The dog then comes to a bus stop, and starts looking at the timetable. The butcher is in awe at this stage. The dog checks out the times, and then sits on one of the seats provided. Along comes a bus. The dog walks around to the front, looks at the number, and goes back to his seat. Another bus comes. Again the dog goes and looks at the number, notices it’s the right bus, and climbs on. The butcher, by now open-mouthed, follows him onto the bus. The bus travels through the town and out into the suburbs, the dog looking at the scenery. Eventually he gets up, and moves to the front of the bus. He stands on 2 back paws and pushes the button to stop the bus. Then he gets off, his groceries still in his mouth.
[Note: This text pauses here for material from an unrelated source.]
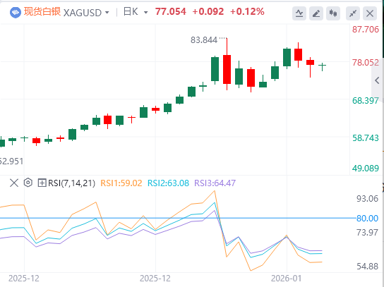 从形态结构看,白银沿着下降趋势线调整向下,在关键支撑位74.00附近止跌企稳,开启了反弹之路,目前多头已经突破了下降趋势线,由短空转为多头反攻浪节奏。从k线看,多头突破回踩支撑线企稳开始慢慢上攻,多头力量稳步向上,后市继续看反弹新高走势。综合 MACD指标看,快慢线低位金叉信号出现,表明多头开启反攻之路。策略上建议顺反弹节奏找支撑位埋伏多单思路为主。

Well, dog and butcher are walking along the road, and then the dog turns into a house. He walks up the path, and drops the groceries on the step. Then he walks back down the path, takes a big run, and throws himself -Whap!- against the door. He goes back down the path, runs up to the door and -Whap!- throws himself against it again. There’s no answer at the house, so the dog goes back down the path, jumps up on a narrow wall, and walks along the perimeter of the garden.
He gets to the window, and beats his head against it several times, walks back, jumps off, and waits at the door. The butcher watches as a big guy opens the door, and starts laying into the dog. Kicking him, punching him, and swearing at him. The butcher runs up, and stops the guy. “What the hell are you doing? This dog is a genius. He could be on TV, for goodness sake!”, to which the guy responds “Clever, my ass. This is the second time this week that he’s forgotten his key.”